А через две недели замечательный режиссер погиб. В чужом городе, под колесами грузовика.
— Какой ужас! Какая нелепая смерть!
— Ты о чем? — как-то сухо поинтересовался Детка.
— Попасть под машину разве не нелепо?
— Что ты называешь машиной?
Она посмотрела на него с ужасом, зажав рот ладонью.
— А ты хотела остаться, — прошептал на ухо, обняв.
Генрих зря написал письмо Сталину, интересуясь судьбой Валленберга. Ужасное время — аресты, в газетах жуткие статьи против Дмитрия Дмитриевича и почему-то Вано Мурадели, а он пишет: «Я, как старый еврей, прошу освободить Валленберга, спасшего десятки тысяч евреев» и дальше что-то о плохих отношениях между СССР и США. А отношения еще были ничего, вернее, они были, раз он получил ответ от референта. «Розыски были проведены, но не увенчались успехом. Его судьба загадка».

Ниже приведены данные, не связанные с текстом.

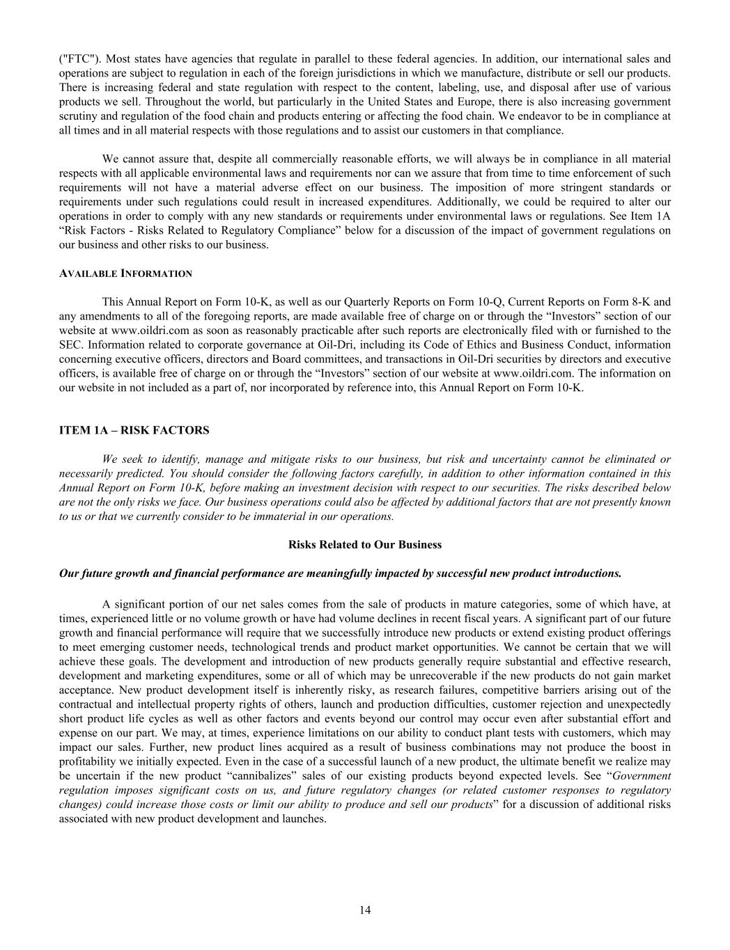 ("FTC"). Most states have agencies that regulate in parallel to these federal agencies. In addition, our international sales and operations are subject to regulation in each of the foreign jurisdictions in which we manufacture, distribute or sell our products. There is increasing federal and state regulation with respect to the content, labeling, use, and disposal after use of various products we sell. Throughout the world, but particularly in the United States and Europe, there is also increasing government scrutiny and regulation of the food chain and products entering or affecting the food chain. We endeavor to be in compliance at all times and in all material respects with those regulations and to assist our customers in that compliance. We cannot assure that, despite all commercially reasonable efforts, we will always be in compliance in all material respects with all applicable environmental laws and requirements nor can we assure that from time to time enforcement of such requirements will not have a material adverse effect on our business. The imposition of more stringent standards or requirements under such regulations could result in increased expenditures. Additionally, we could be required to alter our operations in order to comply with any new standards or requirements under environmental laws or regulations. See Item 1A “Risk Factors - Risks Related to Regulatory Compliance” below for a discussion of the impact of government regulations on our business and other risks to our business. AVAILABLE INFORMATION This Annual Report on Form 10-K, as well as our Quarterly Reports on Form 10-Q, Current Reports on Form 8-K and any amendments to all of the foregoing reports, are made available free of charge on or through the “Investors” section of our website at www.oildri.com as soon as reasonably practicable after such reports are electronically filed with or furnished to the SEC. Information related to corporate governance at Oil-Dri, including its Code of Ethics and Business Conduct, information concerning executive officers, directors and Board committees, and transactions in Oil-Dri securities by directors and executive officers, is available free of charge on or through the “Investors” section of our website at www.oildri.com. The information on our website in not included as a part of, nor incorporated by reference into, this Annual Report on Form 10-K. ITEM 1A – RISK FACTORS We seek to identify, manage and mitigate risks to our business, but risk and uncertainty cannot be eliminated or necessarily predicted. You should consider the following factors carefully, in addition to other information contained in this Annual Report on Form 10-K, before making an investment decision with respect to our securities. The risks described below are not the only risks we face. Our business operations could also be affected by additional factors that are not presently known to us or that we currently consider to be immaterial in our operations. Risks Related to Our Business Our future growth and financial performance are meaningfully impacted by successful new product introductions. A significant portion of our net sales comes from the sale of products in mature categories, some of which have, at times, experienced little or no volume growth or have had volume declines in recent fiscal years. A significant part of our future growth and financial performance will require that we successfully introduce new products or extend existing product offerings to meet emerging customer needs, technological trends and product market opportunities. We cannot be certain that we will achieve these goals. The development and introduction of new products generally require substantial and effective research, development and marketing expenditures, some or all of which may be unrecoverable if the new products do not gain market acceptance. New product development itself is inherently risky, as research failures, competitive barriers arising out of the contractual and intellectual property rights of others, launch and production difficulties, customer rejection and unexpectedly short product life cycles as well as other factors and events beyond our control may occur even after substantial effort and expense on our part. We may, at times, experience limitations on our ability to conduct plant tests with customers, which may impact our sales. Further, new product lines acquired as a result of business combinations may not produce the boost in profitability we initially expected. Even in the case of a successful launch of a new product, the ultimate benefit we realize may be uncertain if the new product “cannibalizes” sales of our existing products beyond expected levels. See “Government regulation imposes significant costs on us, and future regulatory changes (or related customer responses to regulatory changes) could increase those costs or limit our ability to produce and sell our products” for a discussion of additional risks associated with new product development and launches. 14

И все это послал ей в качестве приложения к письму. Какая детская наивность! А почему наивность, ведь это ты сама, уговаривая его в сорок пятом, пела, как сирена, о том, что после войны твоя страна станет самой справедливой во всем мире. Вот он и поверил, как доверял во всем.
Глава 5
Она вынула пакет с письмами. Это написано в июне сорок шестого. Какая странная фраза, почему не замечала ее раньше? «Удивительно, что вы можете рассчитывать на получение уже в июле по-новому оборудованной мастерской…»
А что удивляться? Он никогда по-настоящему не верил, что Детка лучший скульптор России. Нет, не хотел верить, и вот это НЕХОТЕНИЕ вылезло. А какая разница, раз они расстались навсегда? Значит, разница была. Ладно, неважно…
В комнату вполз керосиновый запах. Это Олимпиада травит «Примой» тараканов. Она их ненавидит, но при Детке не смела: морила тайно, раскладывала по укромным местам шарики из вареной картошки, смешанной с борной кислотой.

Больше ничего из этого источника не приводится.